The outreach team was invited to participate in two radio programs to answer direct questions asked by the Chadian general public on the Extraordinary African Chambers (EAC): Dimanche Chez Nous on the private radio station Radio FM Libertés; and Signe des temps on national radio station ONRTV.

Both programmes focused on the theme of “The Extraordinary African Chambers, a turning point for criminal justice in Africa. What is their contribution to the rule of law?”. Experts and listeners were able to take part in the dialogue. By participating in these programs, the Consortium aims firstly to stimulate debate on the EAC, but also to explain the phases of the trial, the rights of victims, their expectations and the rights of the accused. These interactive programs enabled listeners to get in touch with the guests. Questions were asked by telephone live on the air. This was in order to reach as many as possible and to understand their concerns and expectations vis-à-vis the EAC.

The Attorney General of the EAC, was a guest on the show “Dimanche chez nous”. He clarified the role, organization and functioning of the Chambers and gave an update on the current state of the judicial process. He described the purpose of the third international rogatory commission of the EAC, which justified its presence on the ground in Chad during the show.

“The trial is not far away”

“How do you see the future of this trial?” the presenter asked.  “In the exploration phase,” the Attorney General said, “we commissioned an expert to authenticate records; we checked the correlation between what is written in the file and the answers provided orally by the victims; we went to Belgium for the copy of Mr. Habré’s dossier, and the rotatory commission came three times to Chad. A fourth commission is possible, if financial resources allow us, in order to bring together the essential elements for the trial to occur. The trial is not far away.”

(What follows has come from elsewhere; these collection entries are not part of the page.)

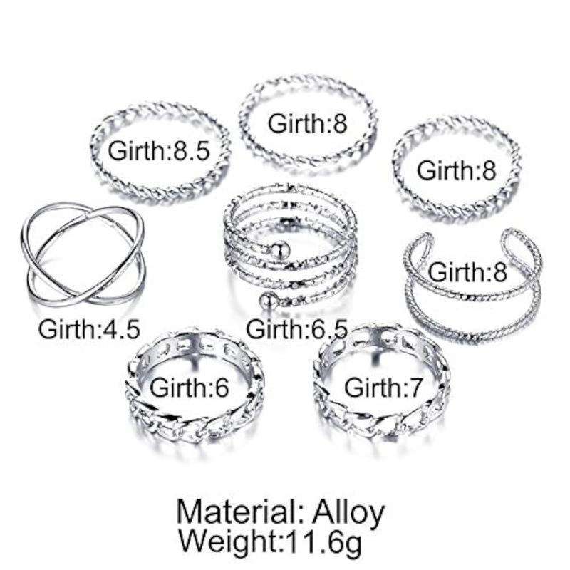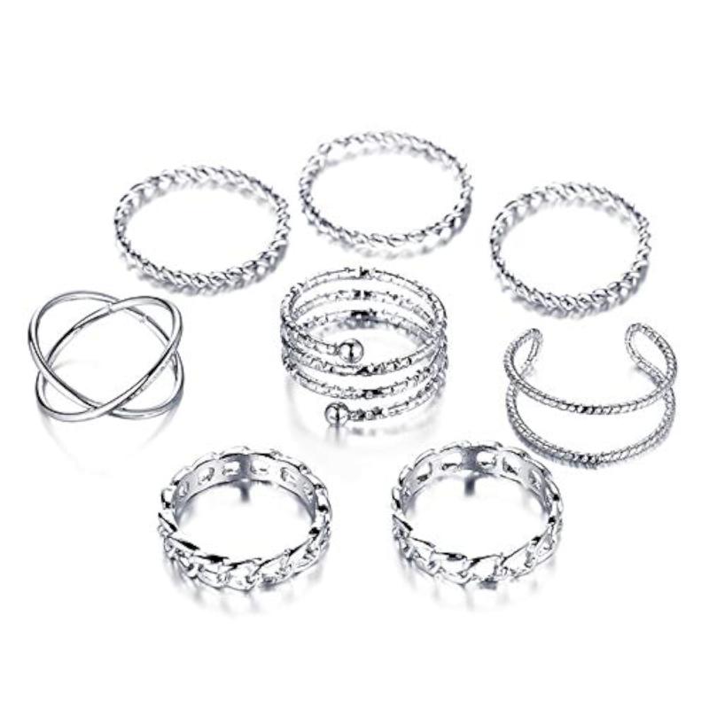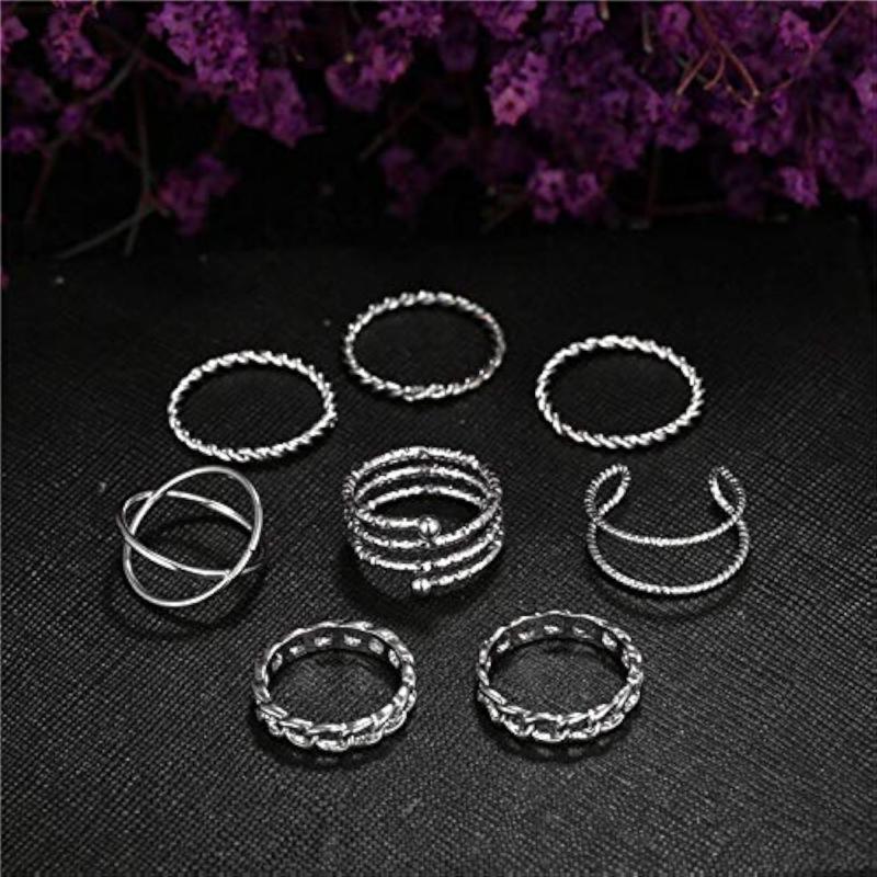 Enhance your style with this trendy set of 8 bohemian oxidised rings. Perfect for everyday wear and special occasions.
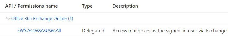 Search for and select the following permission: Office 365 Exchange OnlineWhen you are finished, EWS.AccessAsUser.Allshould be your only permission, as shown below.
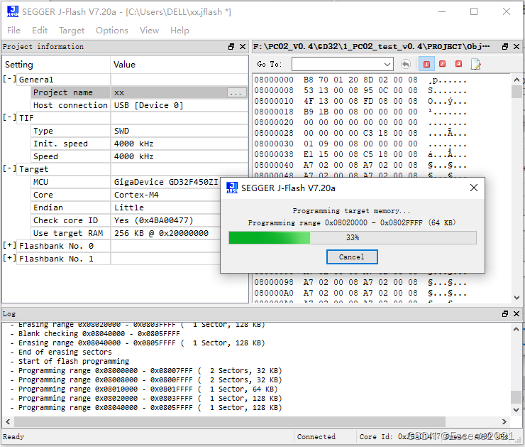 J-Flash直接烧写GD32芯片一般会出现异常错误,如下:
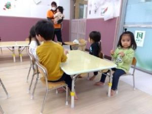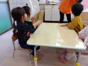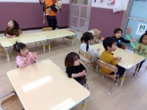 今月の歌では「Baby Shark」も加わったので、知っているお友だちも多く紙芝居で見せていくとどんどん覚えてしまいましたそして、いつの間にか歌えるようになっていた子どもたちです

“What do outreach activities consist of” “It is basically about making an extra effort, going to the people and telling them about the trial,” said Franck Petit, communications expert at the Consortium. “It is also about learning from the difficulties experienced by the trials in The Hague to deal with crimes committed in the former Yugoslavia, as compared to the more successful outreach experiences of the Special Court for Sierra Leone and the International Tribunal for Rwanda where trials occurred 2000 km away from the population. Informing the public about what is happening is very important.”

“An African international tribunal has been established for the first time. What is at stake?” “This procedure is primarily important to fight impunity, to implement justice and to serve as an example,” responded Hugo Jombwe, an expert in international law for the Outreach Consortium. By creating the EAC, Africa has taken the lead. This is something the continent had not done at the time of the creation of other international courts initiated by the United Nations. The stakes are high for Africa and beyond in the fight against the impunity of world leaders.”

Several listeners spoke out to say they still do not believe the trial will be held, since the victims have waited 23 years the trial and continue to wait. Others openly criticized the fact the Chadian government would be a civil party, while, in their opinion, it did nothing for all these years. One listener believed this may hinder the work of judges and that “the trial will not be fair or just.” Several listeners also questioned the Consortium on compensation for victims after the trial.

“The CAE will carry out their job impartially and will not be influenced,” said Gilbert Maoundonodji, expert in political sciences at the Consortium. The existence of the EAC is an African innovation for Africans to be judged by Africans. It serves as an example to individuals who think they are above the law.”